▶ [EXERCISE]:
When copying the records below, keep every word as it is and drop the images.

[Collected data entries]
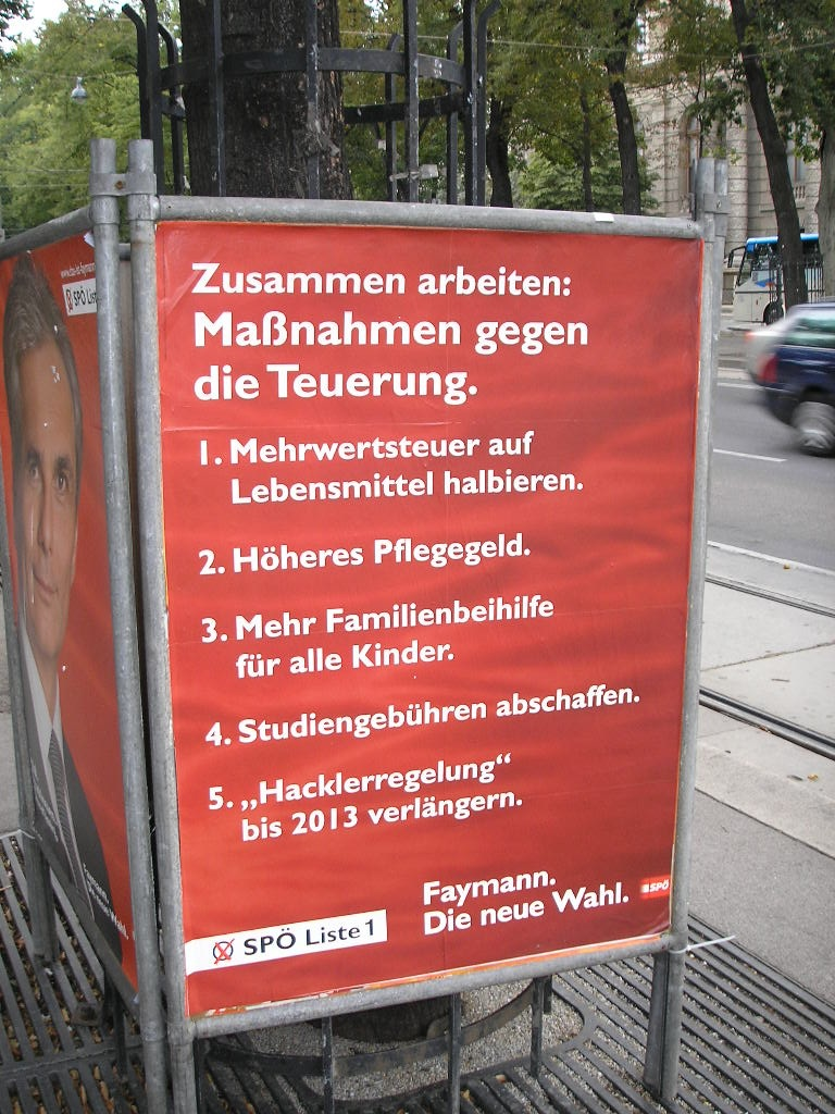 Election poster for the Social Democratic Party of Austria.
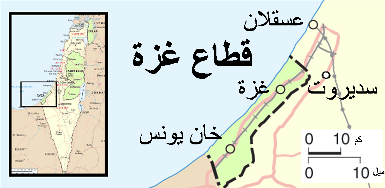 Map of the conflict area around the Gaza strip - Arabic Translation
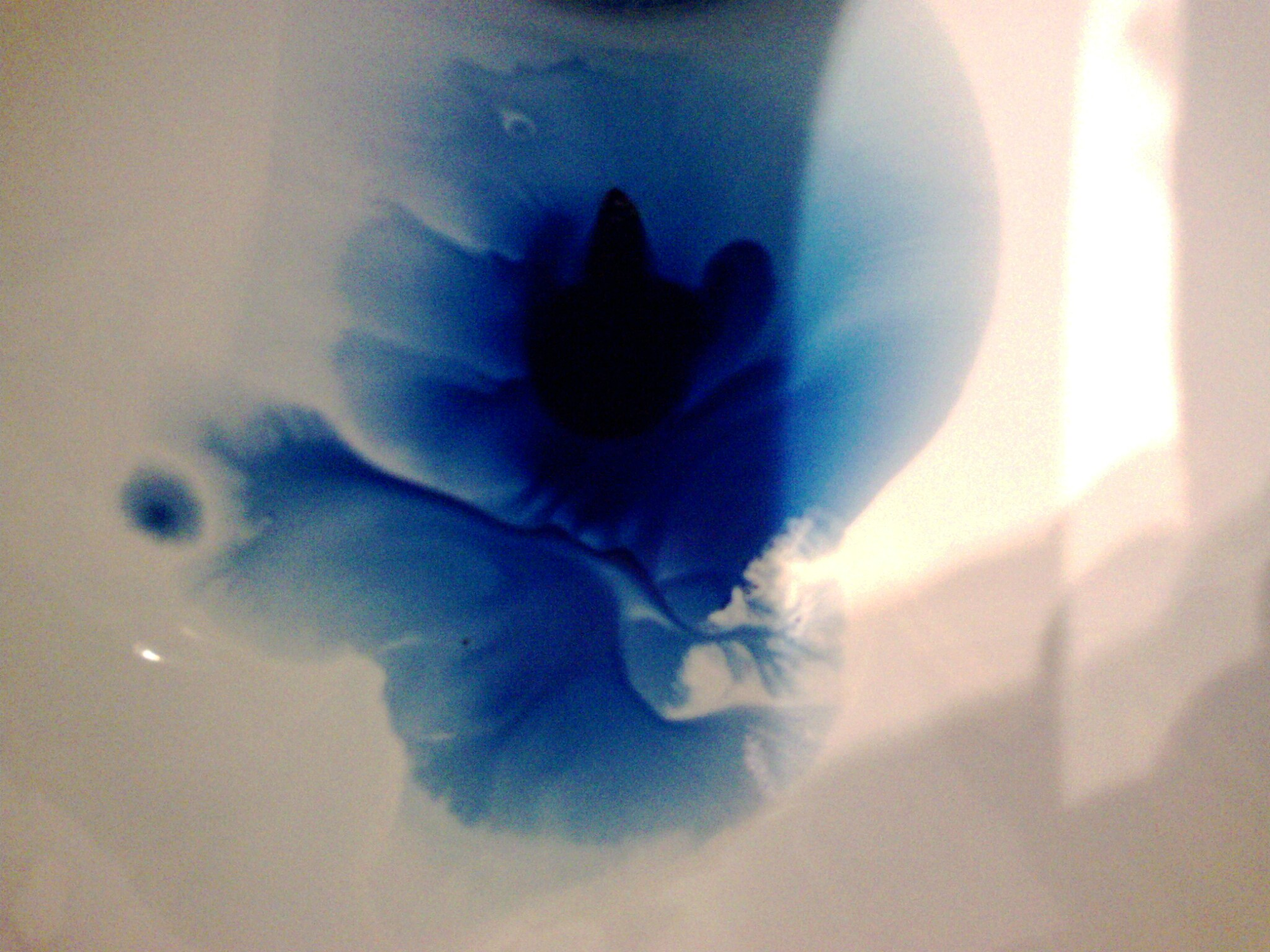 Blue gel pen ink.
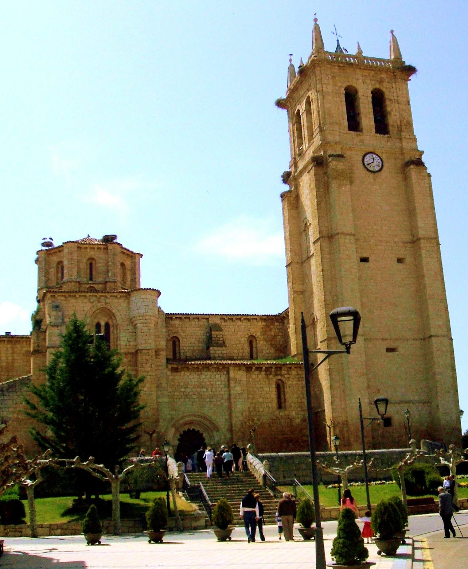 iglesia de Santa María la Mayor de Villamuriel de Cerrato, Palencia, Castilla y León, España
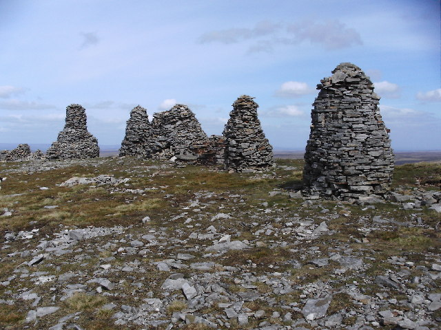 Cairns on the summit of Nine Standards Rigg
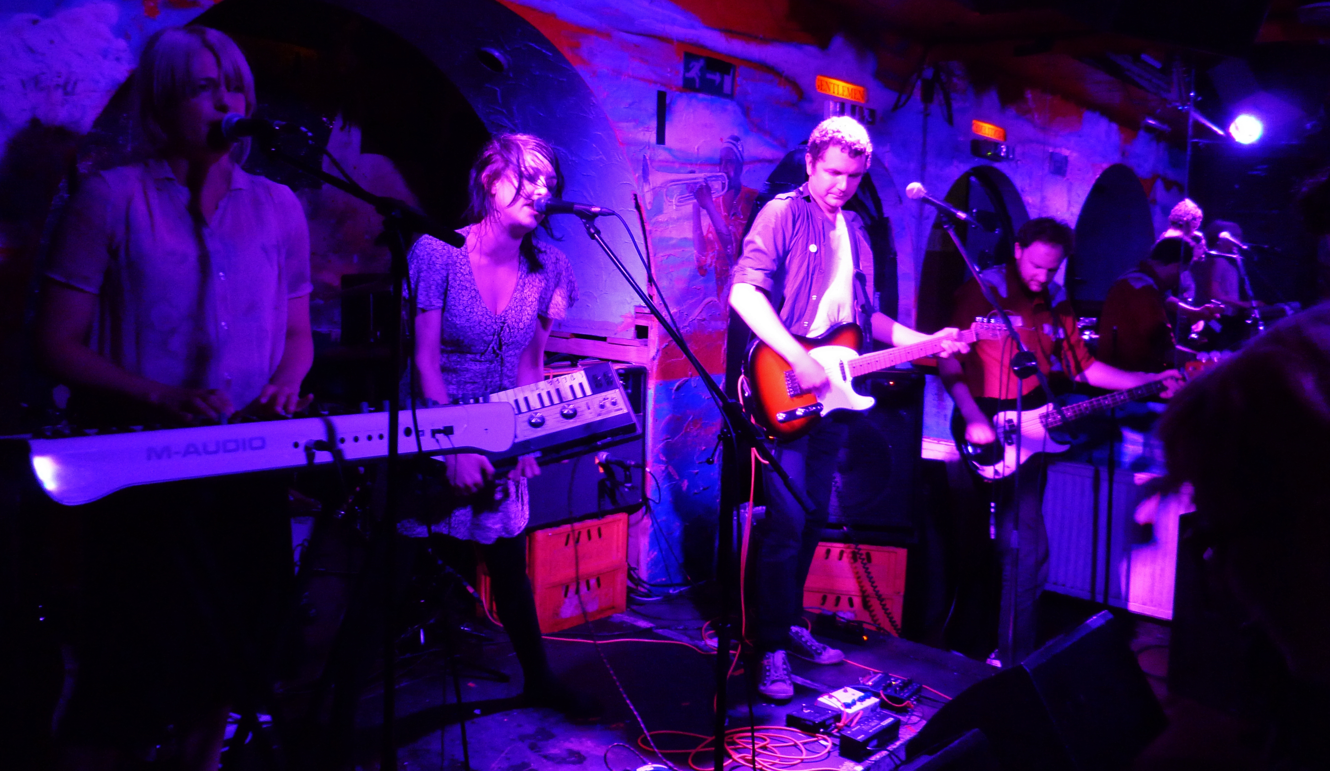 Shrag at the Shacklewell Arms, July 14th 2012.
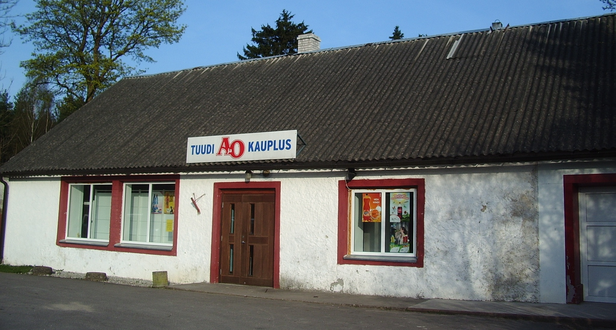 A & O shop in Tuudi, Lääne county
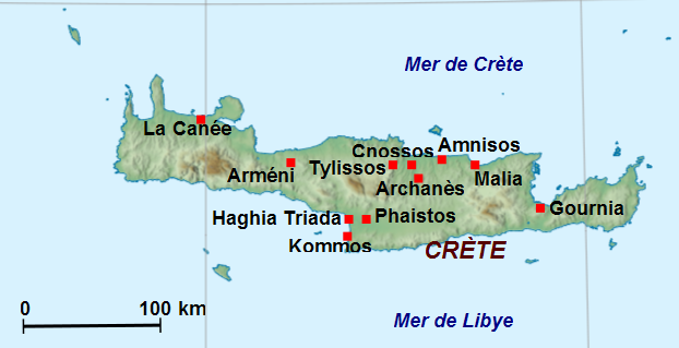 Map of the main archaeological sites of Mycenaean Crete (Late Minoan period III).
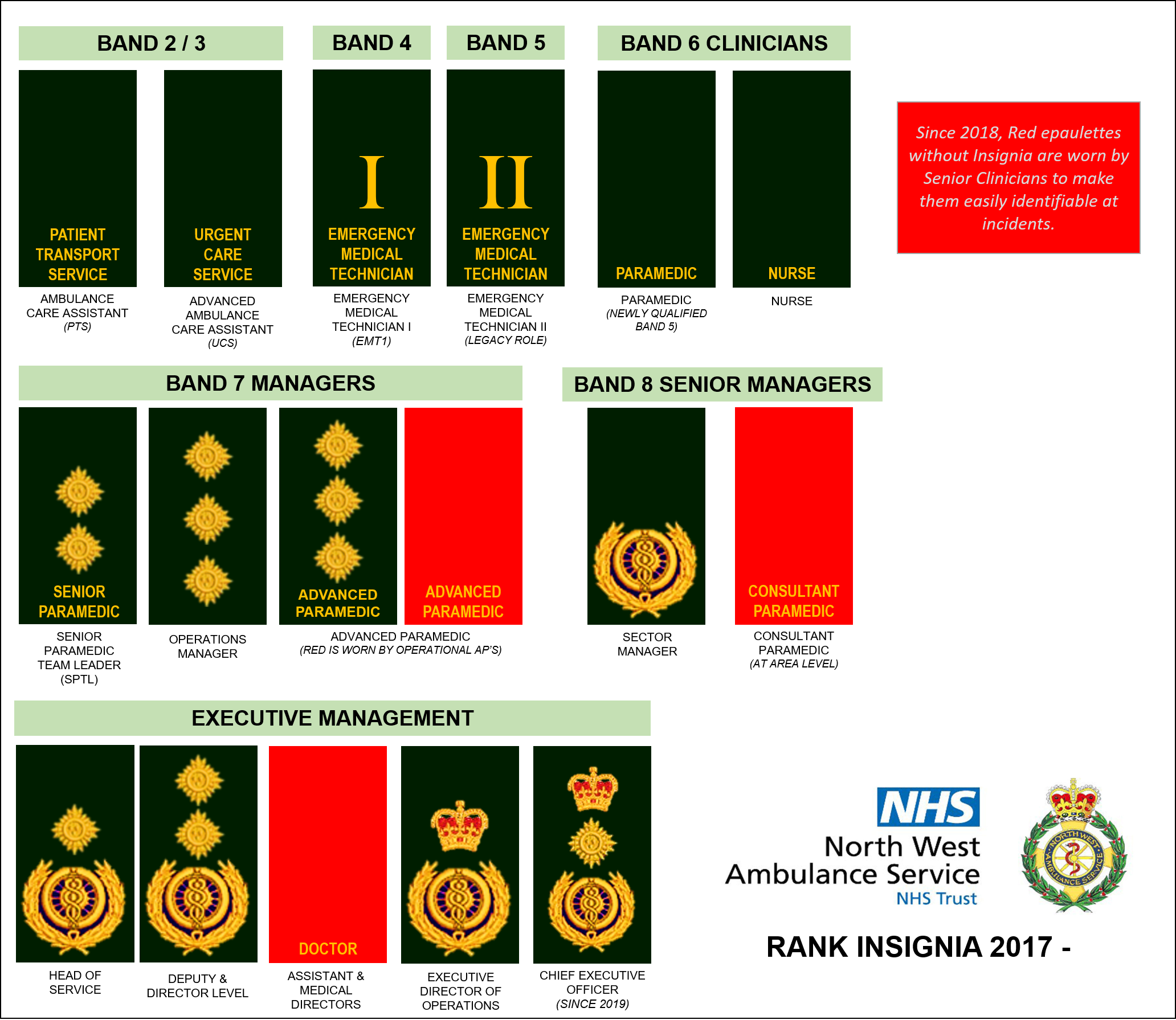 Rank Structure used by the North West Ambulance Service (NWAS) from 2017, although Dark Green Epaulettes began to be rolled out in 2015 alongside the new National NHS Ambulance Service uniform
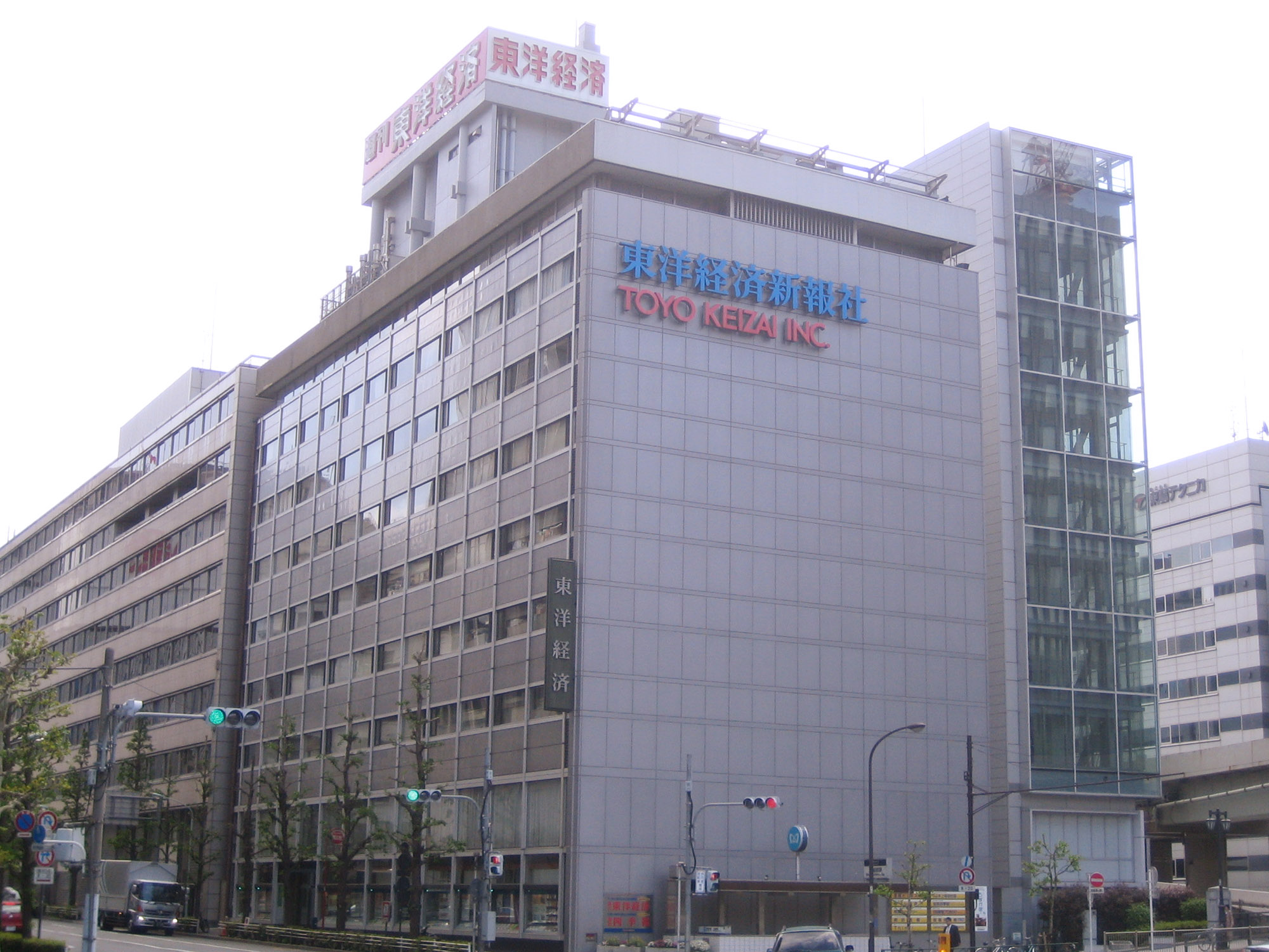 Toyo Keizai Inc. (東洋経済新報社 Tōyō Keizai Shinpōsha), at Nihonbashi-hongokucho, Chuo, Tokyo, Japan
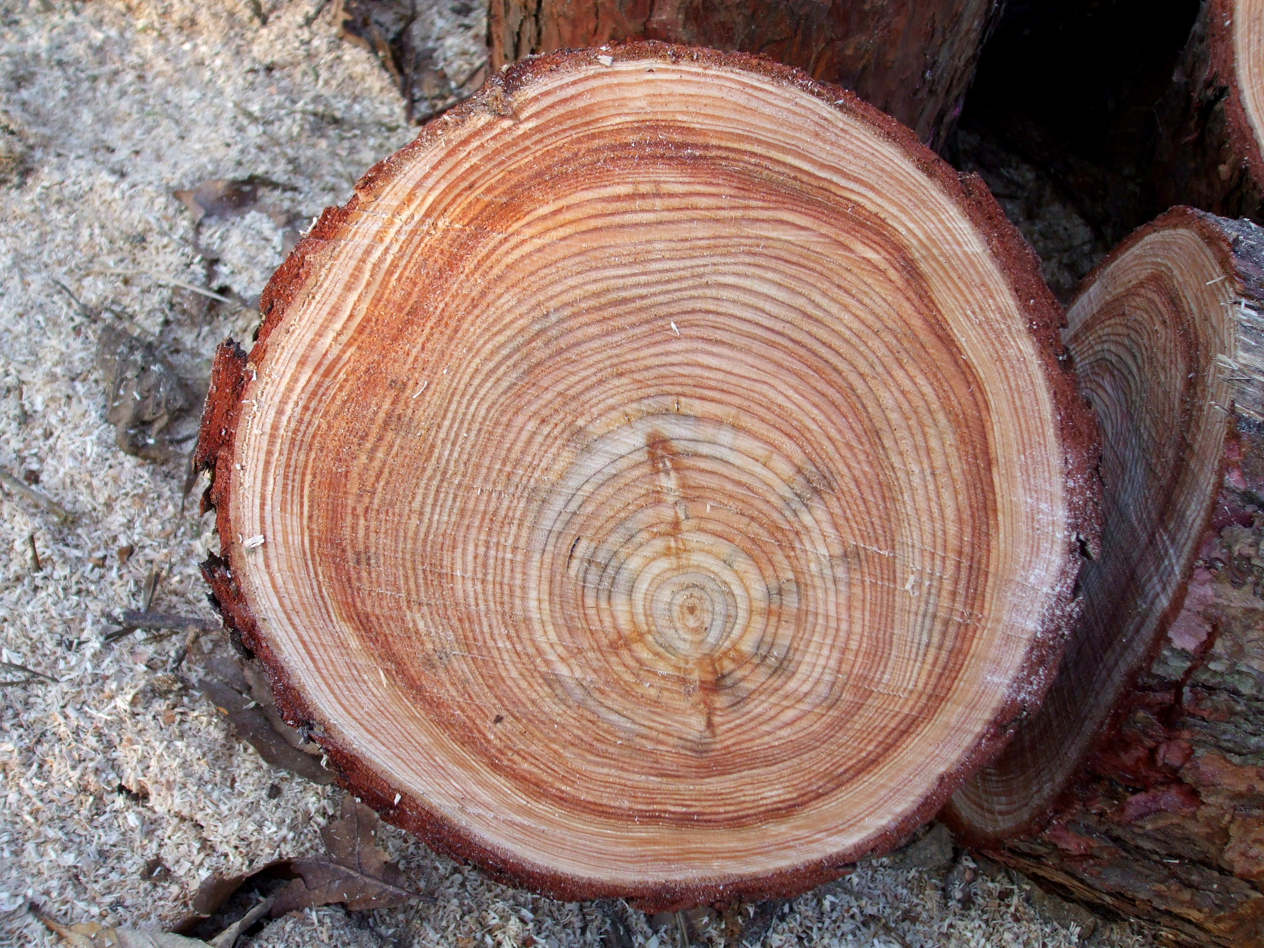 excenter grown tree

▶ [TASK OUTPUT]:
 Election poster for the Social Democratic Party of Austria.
 Map of the conflict area around the Gaza strip - Arabic Translation
 Blue gel pen ink.
 iglesia de Santa María la Mayor de Villamuriel de Cerrato, Palencia, Castilla y León, España
 Cairns on the summit of Nine Standards Rigg
 Shrag at the Shacklewell Arms, July 14th 2012.
 A & O shop in Tuudi, Lääne county
 Map of the main archaeological sites of Mycenaean Crete (Late Minoan period III).
 Rank Structure used by the North West Ambulance Service (NWAS) from 2017, although Dark Green Epaulettes began to be rolled out in 2015 alongside the new National NHS Ambulance Service uniform
 Toyo Keizai Inc. (東洋経済新報社 Tōyō Keizai Shinpōsha), at Nihonbashi-hongokucho, Chuo, Tokyo, Japan
 excenter grown tree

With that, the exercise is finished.